It is selected by the second layer system bus interface unit 110 via 1, 102, 103 and sent to the second layer system bus 104. The input / output device 112 receives the read data from the second layer system bus 104 and writes it on the magnetic tape 122. The above-mentioned tripled parts are all synchronized.

Now, the operation of the interface unit 110 will be described with reference to FIG. In the figure, 10
1, 102 and 103 are triple bus bridges, 10
4 is a second layer system bus, 110 is an interface unit, 110a is a selector, 110b is a comparison circuit, 1
10c, 110d and 110e are driver elements, 101
f and 101g are bus monitors, and 101h is a driver element.

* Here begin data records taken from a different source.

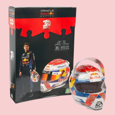 Imagine piecing together a mini masterpiece that roars with the energy of the racetrack. This 3D puzzle brings the thrill of Red Bull Racing directly to your fingertips, crafted from 55 brilliantly detailed pieces that snap together without a hitch – no glue, no fuss. It's not just a puzzle; it's a chance to build a vibrant tribute to Verstappen's helmet, bursting with official team branding and vivid colours that shout motorsport passion. The clever design combines sturdy cardboard, cushy EPS foam, and a slick coated finish, resulting in a solid final piece that’s as striking as it is resilient. Whether you’re a motorsport aficionado or a fan of well-made collectibles, this puzzle invites you to create a unique display that’s both a challenge and a trophy. The build suits puzzlers of all ages, making it a lively, interactive experience that fits comfortably in living rooms, offices, or even on prized shelves. Once assembled, the vibrant Red Bull helmet stands out with its sleek, compact shape – a dynamic nod to Formula 1’s fast lane, adding racing spirit to your space. It’s more than just a puzzle; it’s a showpiece of speed and style that lets you own a piece of the track’s excitement, flaunting your fandom with genuine heritage and a playful edge.
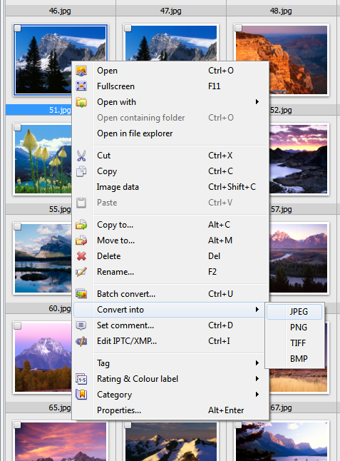 XnViewMP v0.69, converting to JPEG from context menu in the images browser, resulting jpeg is ugly regardless of specified format settings.
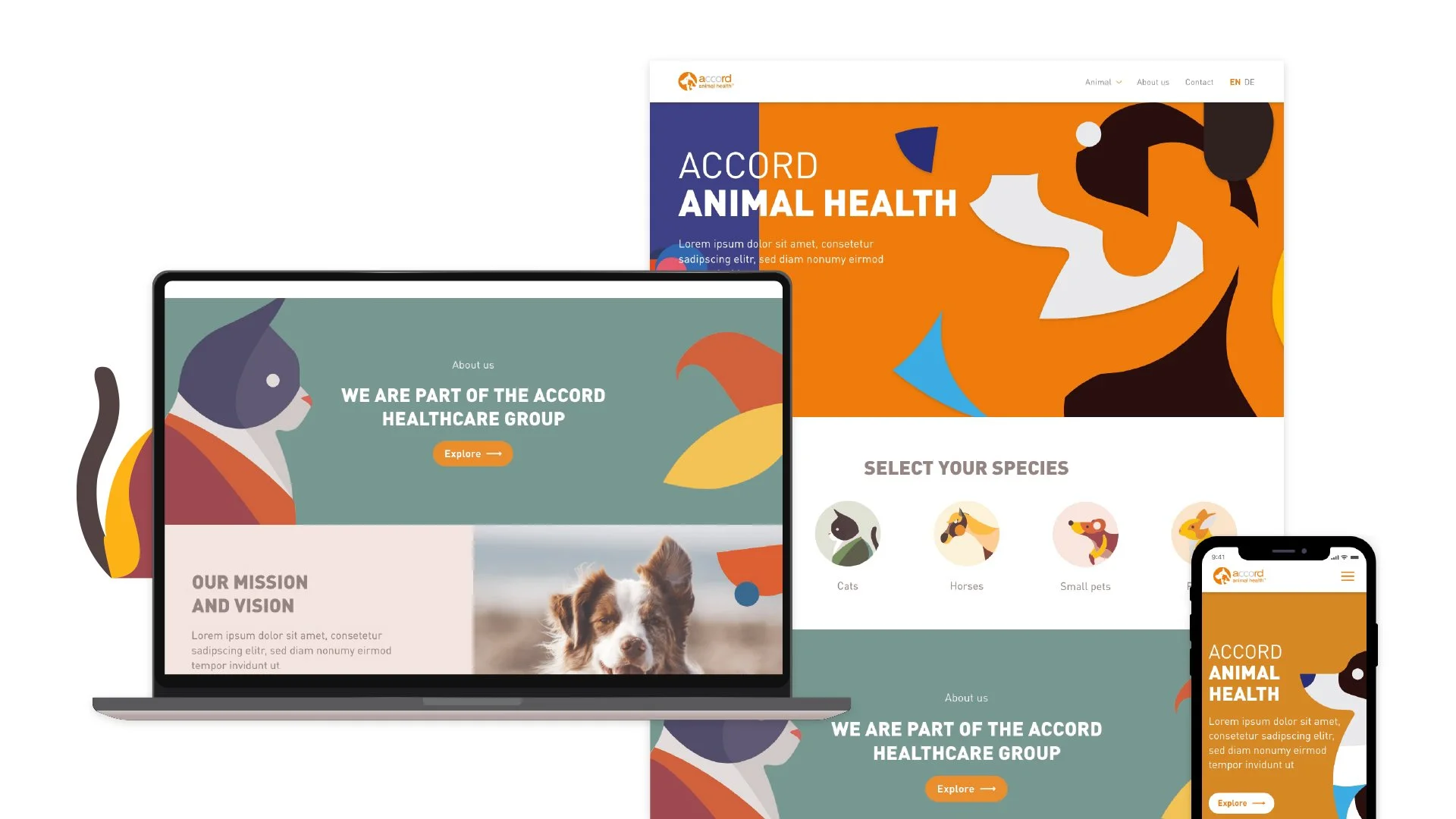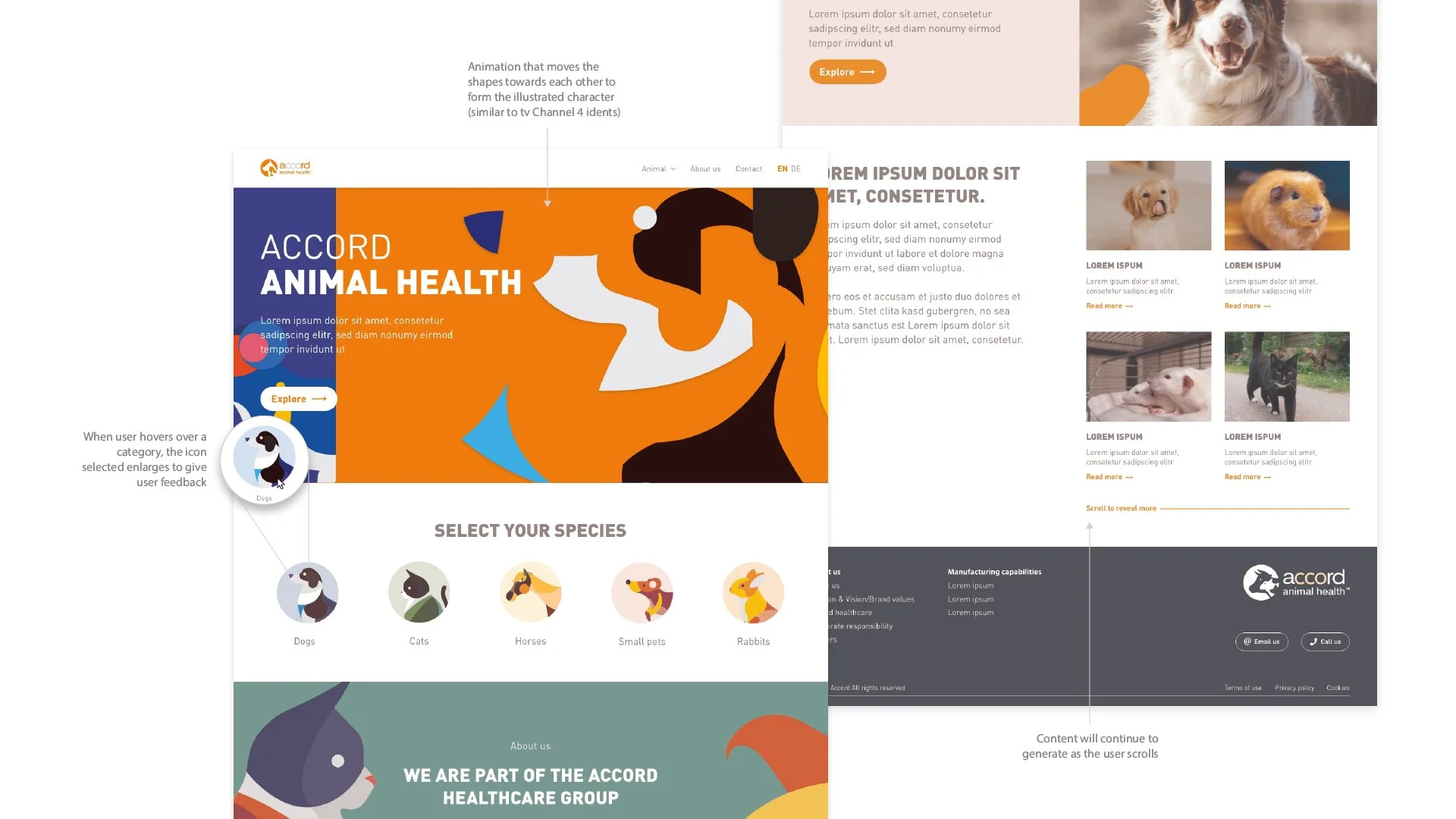 my initial process was to draw upon the existing animal health brand identity, to see what could be elaborated on or expanded in a digital design setting. settling on the use of iconographic illustrations and a fun, vibrant colour palette, i put together a layout for the website, based on site hierarchies that were supplied by the digital project manager.

In the figure, bus bridges 101, 10
Reference numerals 2 and 103 are synchronously operating. Bus bridge 10
The signals going from the first, 102, and 103 to the second layer system bus 104 are compared by the comparison circuit 110b, the normally operating system bus is determined, and the selector 110a selects it. The bus monitor 101g monitors the bus transaction, determines a signal to be sent to the second layer system bus 104, and the driver element 101h outputs the signal to the second layer system bus 104. Second level system bus 10
The signal going from the bus bridge 4 to the bus bridges 101, 102, 103 is monitored by the bus monitor 101f, and
The signals that need to be sent to the first, the second, and the third, 103, and 103 are determined and sent to the bus bridges 101, 102, and 103 via the drivers 110c, 110d, and 110e.

(2. Operation and Restoration Processing When Processor Fails) Next, a case where one processor fails will be described. The operation from failure occurrence to recovery is different from the normal operation, and either reliability or performance is sacrificed and deteriorates. In other words, the processing from failure occurrence to recovery differs depending on whether reliability is maintained or performance is maintained. Along with this, the units for online replacement of processors are different. In order to maintain reliability, the processing units other than the processing unit including the failed processor should always perform the triple synchronization operation, and therefore the unit of online exchange is preferably the processing unit unit. On the other hand, to maintain performance,
Processors other than the system bus including the failed processor should always operate and maintain the same number of processing units as in the normal state. Therefore, the unit of online replacement is preferably the system bus unit. Both cases will be described below.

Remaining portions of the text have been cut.